FDP-Shootingstar Daniel Bahr: Der liberale Seiltänzer
Daniel Bahr ist trotz steiler Karriere in der FDP kaum bekannt. Mit 34 Jahren wird er jetzt Nachfolger seines Freundes Philipp Rösler als Gesundheitsminister.
BERLIN taz | In Daniel Bahrs Staatssekretärsbüro, gleich neben der Sitzgruppe, hängt ein großes Ölbild an der Wand. Es zeigt einen Mann auf einem Drahtseil, der über einer Menschenmenge balanciert. Ein Gemälde von 1975, von einem sowjetischen Maler. Ein Geschenk von Bahrs Vater. Er unterrichtete Anfang der 90er Jahre an der Polizeiführungsakademie, auch Leute aus der ehemaligen Sowjetunion. Der Sohn hat den kaum verhüllten Ratschlag des Vaters beherzigt.
Bis heute ist Bahr junior kein einziges Mal beim Balanceakt über immer tieferen politischen Abgründen abgestürzt. Der 34-Jährige hat eine steile Karriere hinter sich, die so derzeit nur in der personell geschwächten FDP möglich ist. Vom konservativen Münsterland aus arbeitete sich der gelernte Bankkaufmann und Volkswirt bis zum Vorsitzenden der Jugendorganisation Junge Liberale (JuLis) hoch. Er blieb es fünf Jahre, bis 2004.

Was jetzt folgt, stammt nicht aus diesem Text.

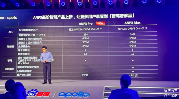 在百度的规划中,ANP3 Pro可支持15万-25万元价格区间的新能源车型搭载;搭载2颗NVIDIA DRIVE Orin的Apollo ANP3 MAX主要支持25万元以上的新能源车型,产品线进一步丰富。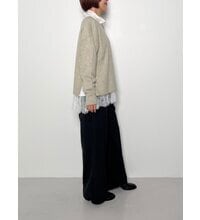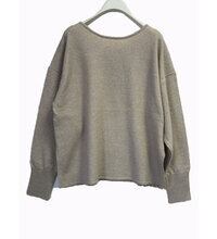 すっきりとした衿ぐりは、後がV空きになっており、前後で違った裾リブもポイントで、前後2WAYで着用できます。
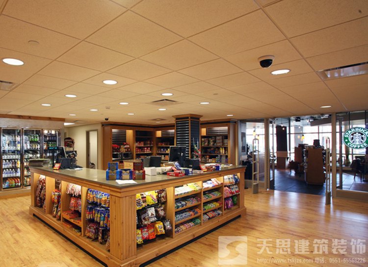 便利店的装潢效果应该最有效地突出商品的特色。装潢不宜采用丰富、鲜艳的色彩,不要让装潢的色调来分散顾客对商品的视觉注意力,最好是天、地、墙都采用反光性、衬托性强的纯白色。而且纯白色给人的感觉就是整洁、干净,同时天、地、墙统一色调,会给人造成较大空间的视觉偏差。便利店对店铺层高的要求一般在3米以上,但由于所选择的店面多数处于底层,天花板下多数有下水管、电线管、消防管等管道,这时不要安装吊顶天棚将这些管道隔离,只要这些管道粉刷成纯白色,并将光源置于管道之下即可,这样既可以保证商店的空间,又可以节省费用。

Seit 2002 ist Bahr im Bundestag, wurde später gesundheitspolitischer Sprecher seiner Fraktion. Mit der Regierungsübernahme 2009 folgte Bahr seinem Freund aus JuLi-Tagen, Philipp Rösler, als Parlamentarischer Staatssekretär ins Bundesgesundheitsministerium. Nach der FDP-Niederlage bei der Landtagswahl in Nordrhein-Westfalen vor einem Jahr errang der Mittdreißiger die Macht im größten Landesverband der Partei.
An Bahr kommt heute niemand mehr vorbei. Nun wird der Mann, der abseits von Polittalkshows und Parlamentsdebatten wenig bekannt ist, auch offiziell einer der mächtigsten Politiker des Landes: Er soll Rösler im Amt des Bundesgesundheitsministers folgen.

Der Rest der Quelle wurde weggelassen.